Fotos de ovário, na prática, são imagens obtidas por ultrassonografia transvaginal ou abdominal que mostram a estrutura interna dos ovários. Não é um exame de fotografia como uma pessoa tira com celular — é um exame de imagem médico. O termo é usado principalmente para acompanhamento de folículos, avaliação de cistos, ou investigação de síndrome dos ovários policísticos. O exame em si leva entre 10 e 20 minutos. A ultrassonografia transvaginal é a técnica padrão na maioria dos casos, porque a sonda se aproxima mais do ovário e a resolução é bem superior. A via abdominal serve quando a paciente não tem atividade sexual ou quando o ginecologista precisa avaliar uma massa maior que já está fora do campo pélvico convencional.

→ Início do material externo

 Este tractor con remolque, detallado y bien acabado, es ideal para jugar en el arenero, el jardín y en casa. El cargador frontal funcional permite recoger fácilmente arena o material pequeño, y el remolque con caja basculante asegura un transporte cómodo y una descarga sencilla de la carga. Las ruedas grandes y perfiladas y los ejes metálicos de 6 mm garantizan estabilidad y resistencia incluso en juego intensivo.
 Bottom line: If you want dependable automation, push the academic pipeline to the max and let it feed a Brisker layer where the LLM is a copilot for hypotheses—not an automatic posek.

Aqui vai algo que poucos mencionam: o dia do ciclo menstrual importa muito. Se você está sendo acompanhada para fertilidade, as fotos de ovário ideais para contagem folicular acontecem entre o 3º e o 5º dia do ciclo. Qualquer outro dia e os resultados ficam ruins para interpretação quantitativa. Eu já vi laboratório enviar relatório dizendo "ovários normais" quando na verdade o exame foi feito no dia 20 do ciclo, onde a visualização dos folículos antrais simplesmente não é confiável.

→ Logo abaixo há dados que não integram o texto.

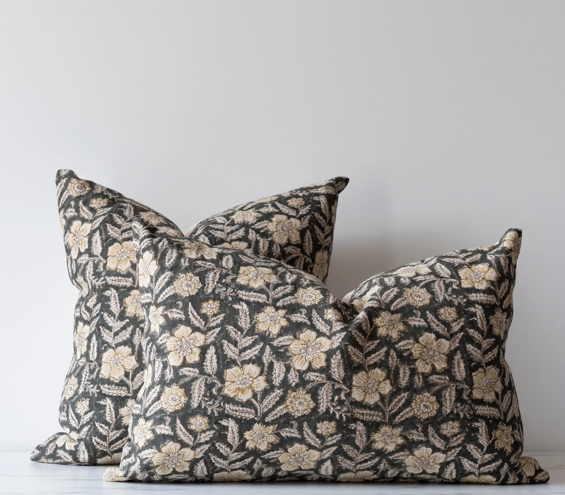 Botanical block print, featuring a floral motif on a moody green linen with a rustic quality and texture. This eye-catching motif stands out in any space adding cottage core charm and hand made artistry all at once. Hand block printed in India, this textile is truly unique and representative of hundreds of years of tradition and skill.

Como obter fotos de ovário com qualidade

O processo começa antes mesmo da máquina ligar. O técnico ou médico deve perguntar o primeiro dia da última menstruação, o ciclo habitual da paciente, e se ela está usando algum medicamento hormonai. Isso define o protocolo. Durante o exame, o equipamento precisa estar configurado com frequência de pelo menos 5 MHz para a sonda endoanal. A resolução espacial ideal para medir folículos pequenos (2 a 5 mm) exige que o ganho não esteja saturado e que o foco esteja posicionado na profundidade do ovário. Eu já deparei com imagens onde o ganho estava tão alto que os folículos pareciam maiores do que eram — parecia policístico, mas na medição real o volume era normal. A correção foi simplesmente baixar o ganho em 30% e refazer o mapeamento.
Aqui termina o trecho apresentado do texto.